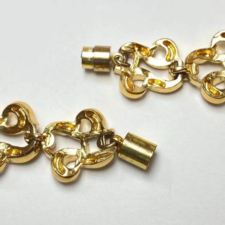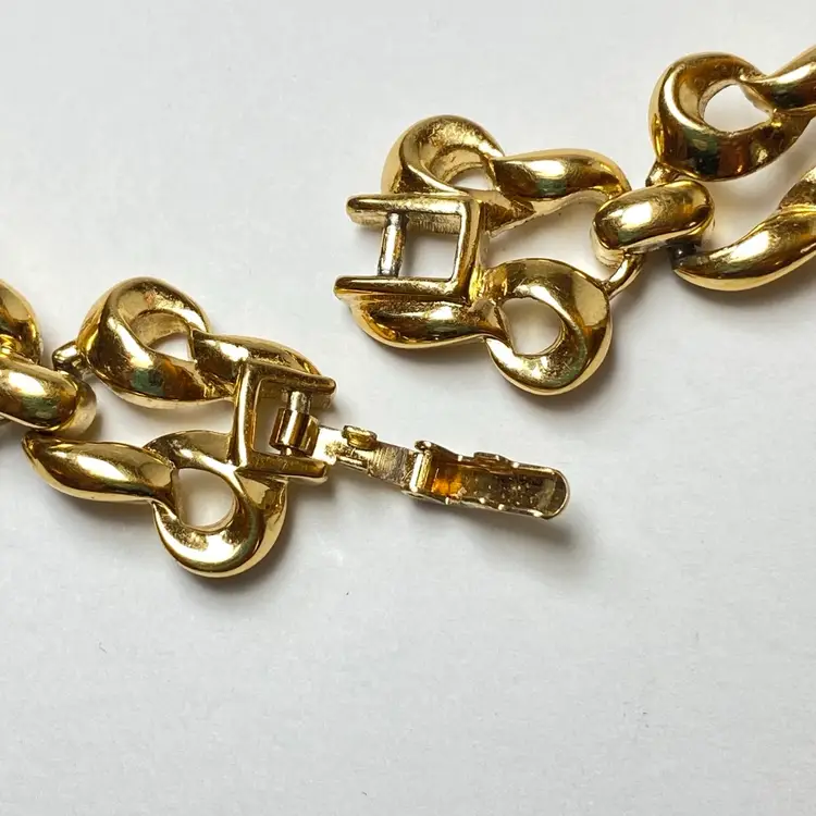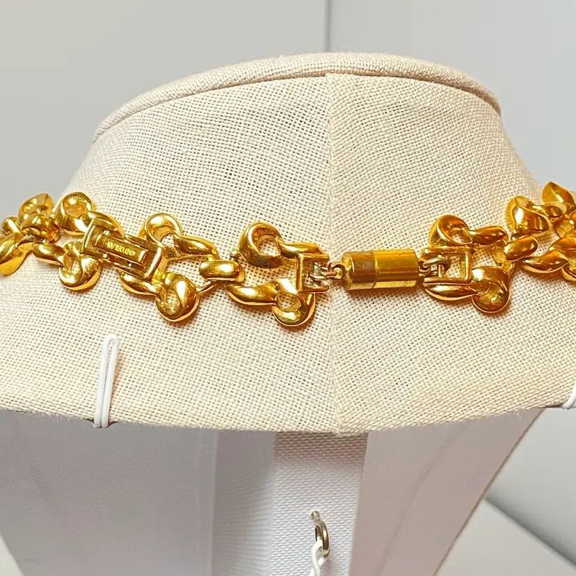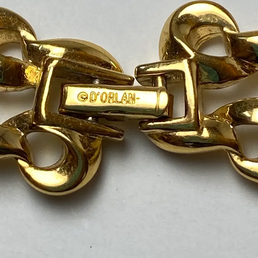 Add a touch of retro glamour to your look with this stunning vintage D'Orlan necklace. The interwoven chain link design is crafted from a shiny gold tone metal and measures 18 inches in length, making it the perfect statement piece. The fold over clasp and magnetic closure ensures easy wear. This necklace is signed by D'Orlan and is perfect for those who love bohemian, travel and places, and fashion and costumes themes. Whether you're dressing up for a special event or just adding some sparkle to your everyday outfit, this necklace is sure to turn heads.
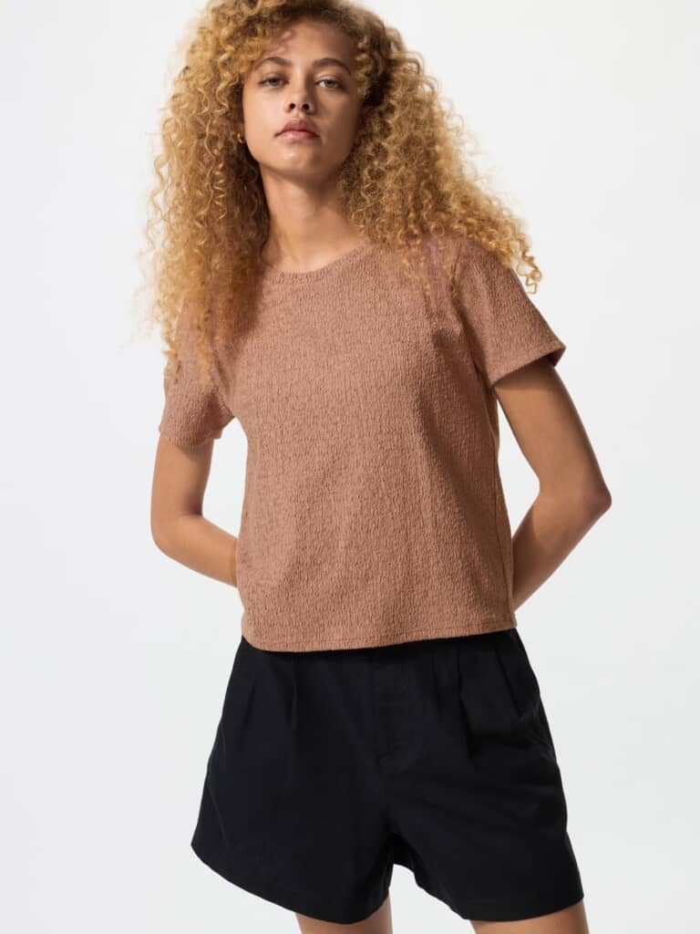ユニクロの「シャーリングT」は、やわらかなシャーリング加工が特徴のレディース半袖トップスです。
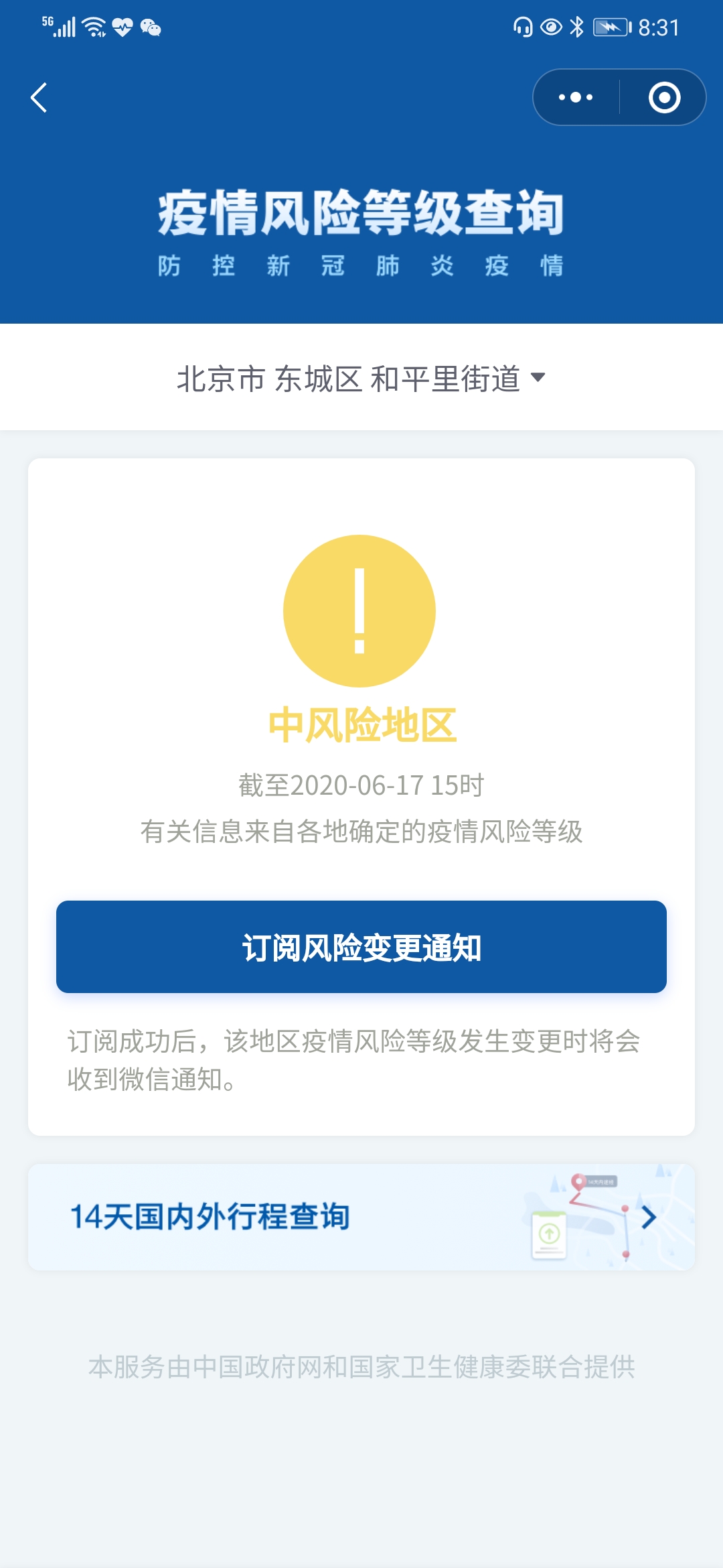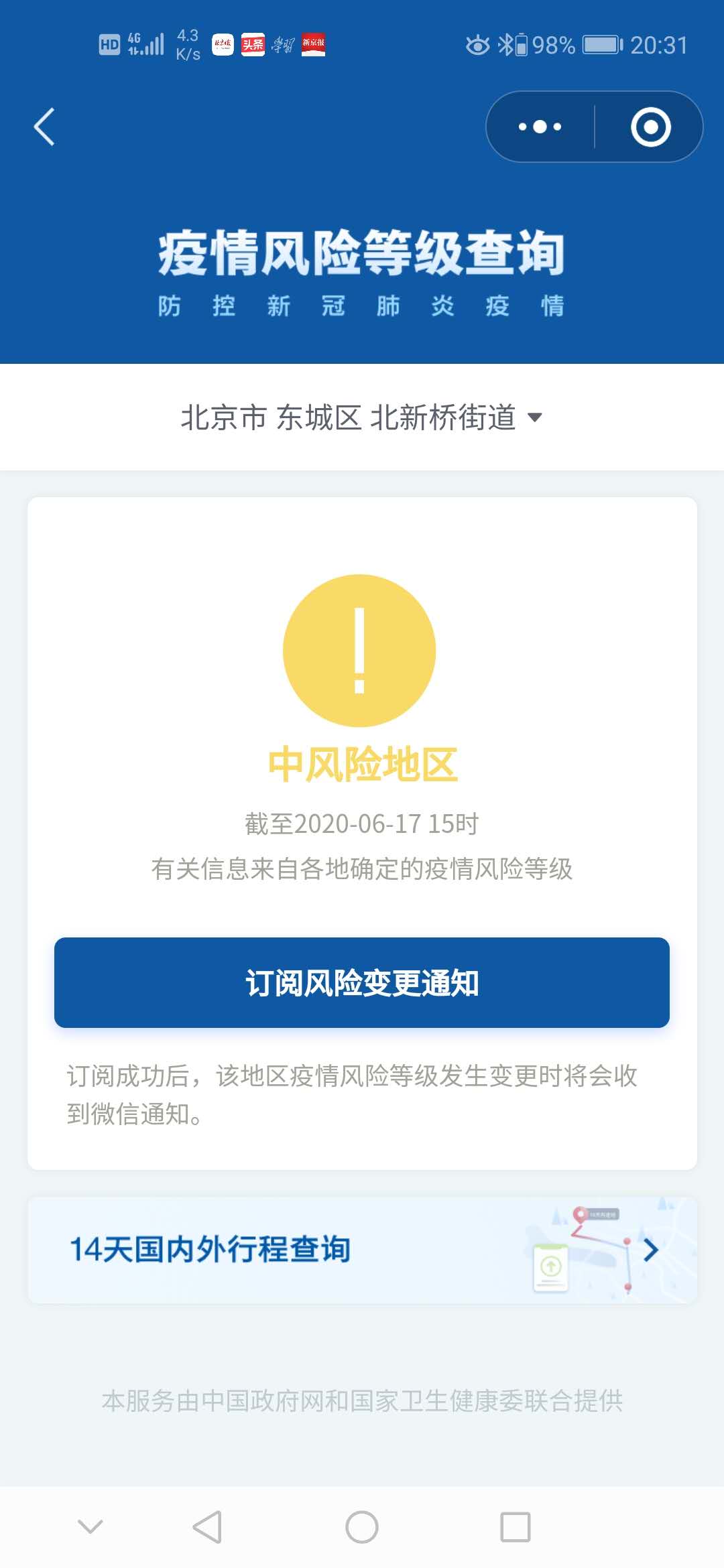記者從國務院客戶端疫情風險查詢小程序上了解到,截至6月17日15時,北京市又有5個街道升級為中風險地區,分別為東城區和平里街道、北新橋街道,豐臺區長辛店街道,大興區青云店鎮,西城區白紙坊街道。目前,本市已經有32個街鄉鎮升級為中風險地區,另有豐臺花鄉地區為高風險地區,涉及豐臺區、大興區、海淀區、西城區、房山區、東城區、石景山區、朝陽區、門頭溝區9個區。
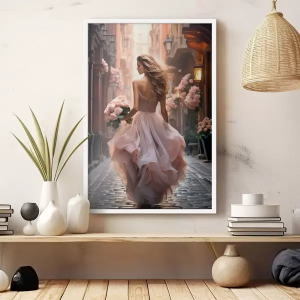 Poster Frau in einem rosa Kleid, die eine Straße entlanggeht f47316
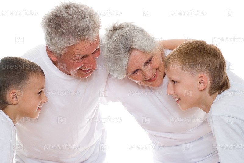 Бабушка, дедушка и внуки на белом фоне
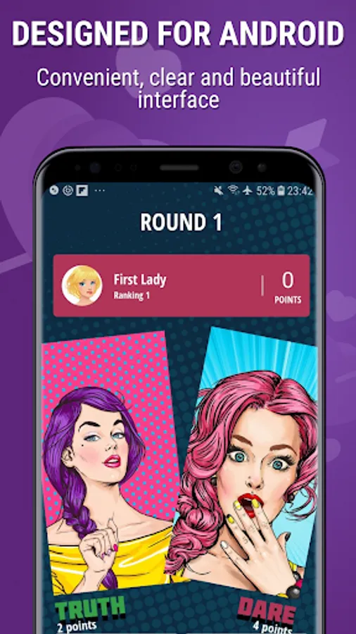 + In True or action 18+ there is a scoring system. For each completed action or response, players receive points. The results are calculated by the smartphone automatically. Unfortunately, the program can not recognize if you told the truth or a lie, so all the answers will be counted as true)
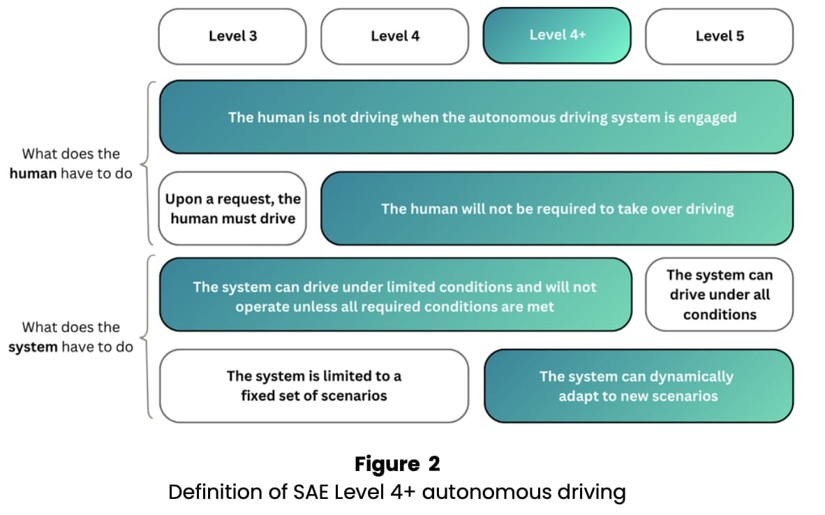 - It won't reach Level 5, but a Level 4+ that can drive almost anywhere
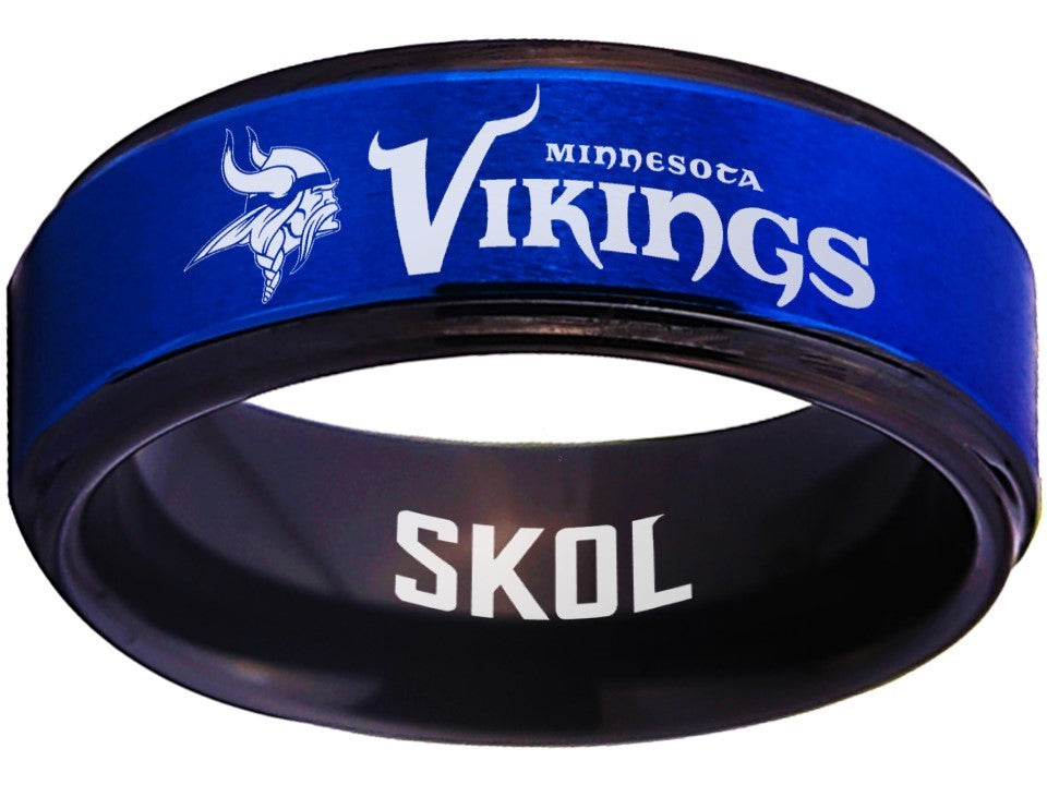 Minnesota Vikings Ring Blue and Black Wedding Band | Sizes 5-15 – Exclusive Inspirations
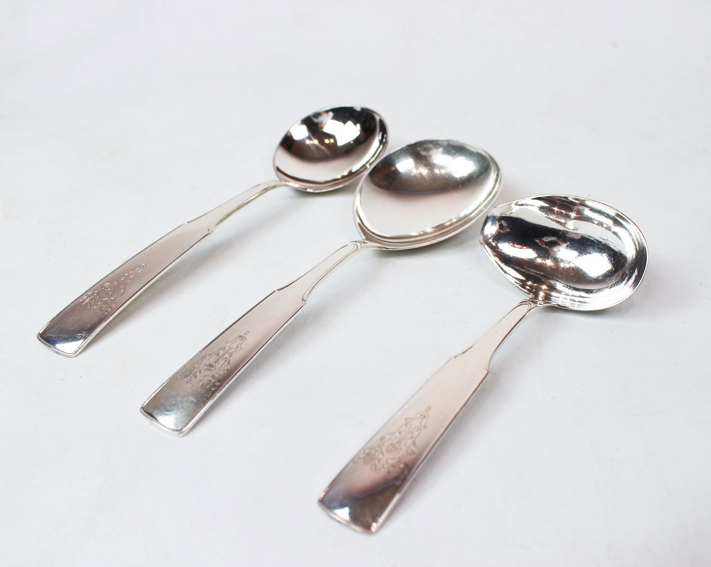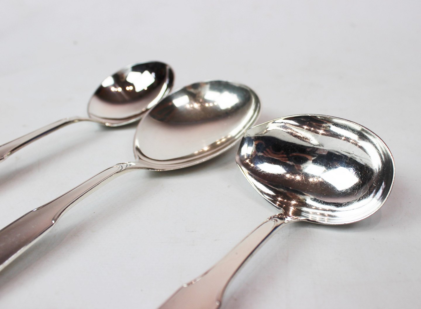 Se prisen i varebeskrivelsenMindre serveringsskeer og sovseske i arvesølv nr. 2 af Hans Hansen.
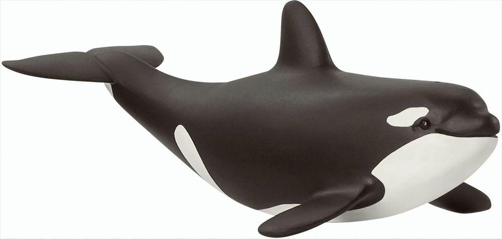 Der Orka wird auch Schwertwal genannt, weil er auf seinem Rücken eine Finne hat, die einem Schwert ähnelt. Die Tiere sind von allen anderen Walen leicht zu unterscheiden, denn sie sind sehr auffällig gefärbt: Während die Haut am Rücken pechschwarz ist, besitzen sie am Bauch strahlend weiße Haut, so wie das Orka Junges von Schleich Wild Life. Die Kälber beginnen schon nach einigen Monaten selbst auf die Jagd nach Fischen, Meeressäugern und Meeresvögeln zu gehen.
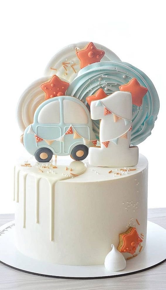 This sweet, car-themed cake is a playful choice for a milestone celebration. A charming little car and a big number one are the stars, each decorated with tiny flags. Its white chocolate drip adds a modern touch.
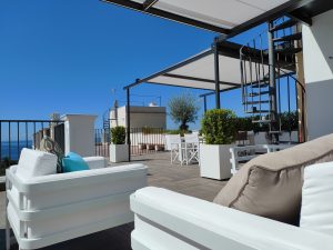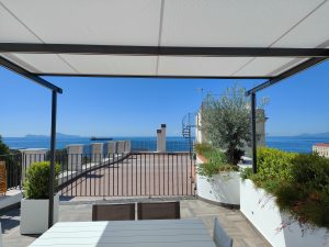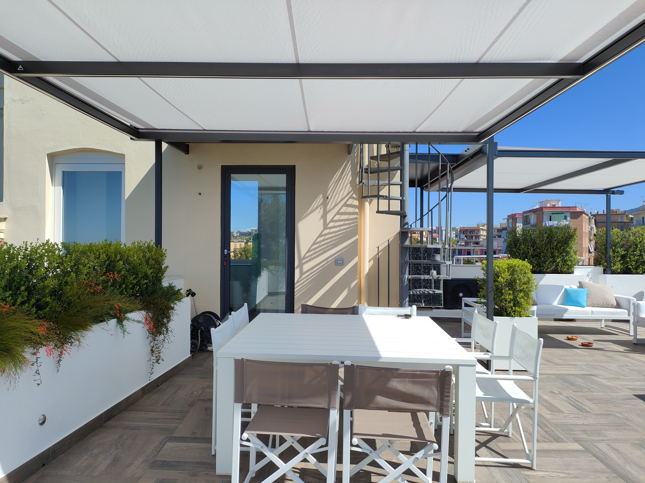 Il progetto prevede l’installazione di una pergola ombreggiante (STOBAG) che utilizza un telo retraibile tensionato che slitta su binari in alluminio. La gestione di apertura e chiusura del telo è effettuata a mezzo di radiocomando. I pilastri della pergola sono ancorati a fioriere in ferro zincato (MEDES METAL DESIGN) , che fungono da zavorra. La vegetazione esalta il clima mediterraneo dell’area, gli arredi sono in alluminio per una maggiore resistenza ad agenti atmosferici.
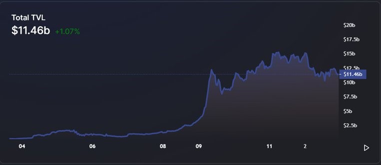 Dữ liệu từ DeFi Lama cho thấy tổng giá trị bị khóa trong Solana hiện vào khoảng 11,5 tỷ đô la, tăng gấp nhiều lần trong năm. Để so sánh, nó đạt chưa đến 150 triệu đô la vào tháng 3 năm nay.
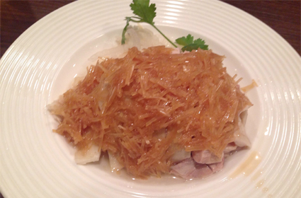 タレがかかった蒸し鶏はよく見かけますが、ここではネギ生姜に味を付けて提供。
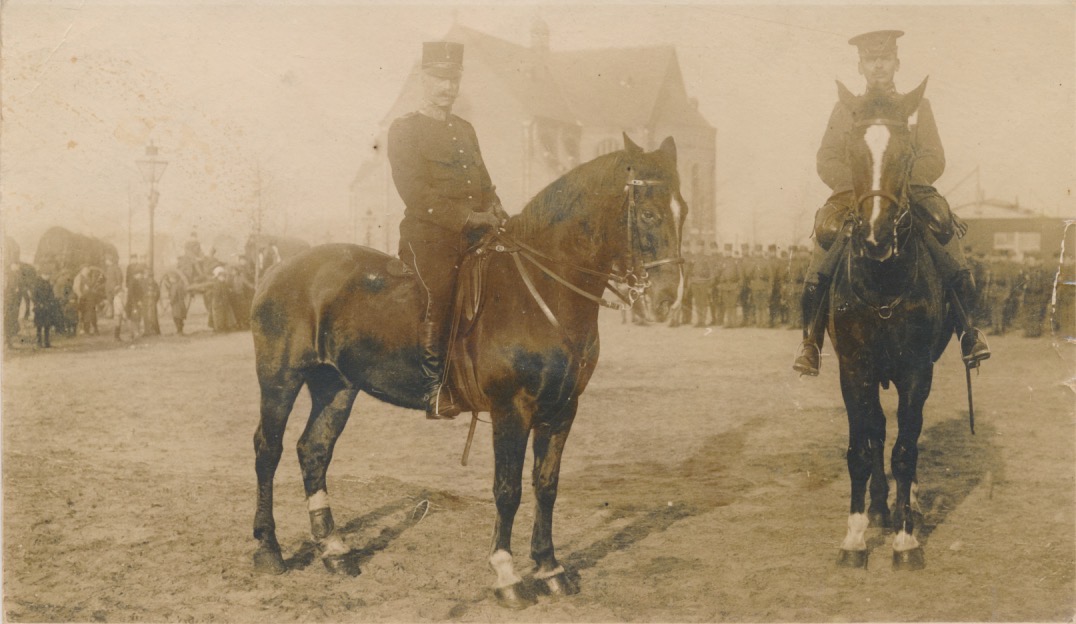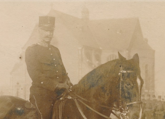 7948g militairen te paard voor [kerk?]gebouw - EJD
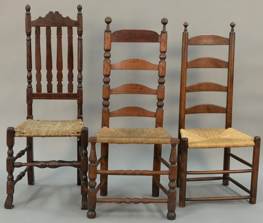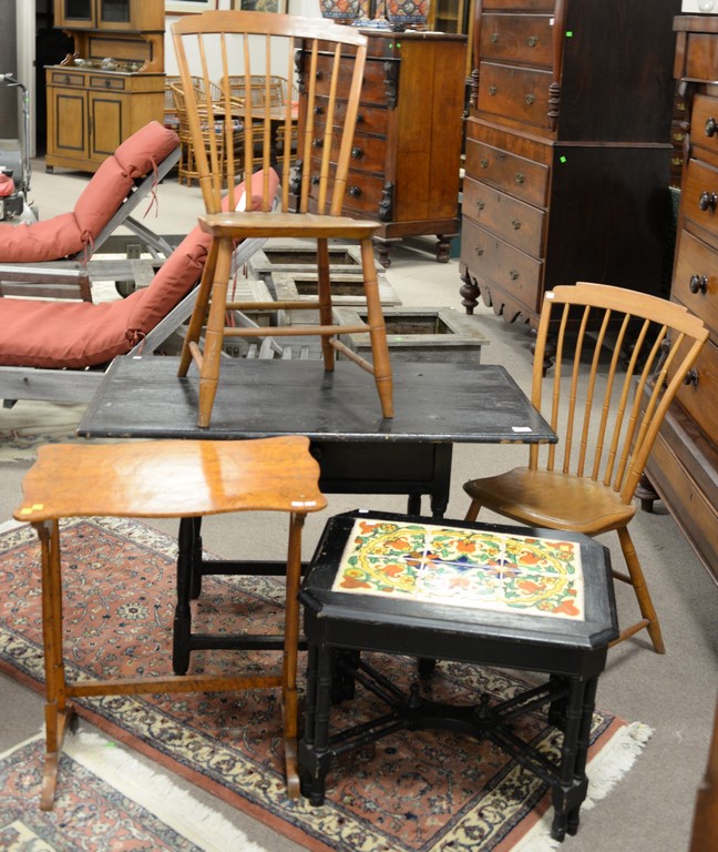 Group lot with primitive tavern table, birdseye maple table, tile top table, and pair of stepdown Windsors, 18th century. ht. 25in., top: 25 x 41

Exercise: From the line with "Dữ liệu từ DeFi" through the final line of the records above, return each line exactly and nothing else. Pictures are to be skipped.

Answer section:
 Dữ liệu từ DeFi Lama cho thấy tổng giá trị bị khóa trong Solana hiện vào khoảng 11,5 tỷ đô la, tăng gấp nhiều lần trong năm. Để so sánh, nó đạt chưa đến 150 triệu đô la vào tháng 3 năm nay.
 タレがかかった蒸し鶏はよく見かけますが、ここではネギ生姜に味を付けて提供。
 7948g militairen te paard voor [kerk?]gebouw - EJD
 Group lot with primitive tavern table, birdseye maple table, tile top table, and pair of stepdown Windsors, 18th century. ht. 25in., top: 25 x 41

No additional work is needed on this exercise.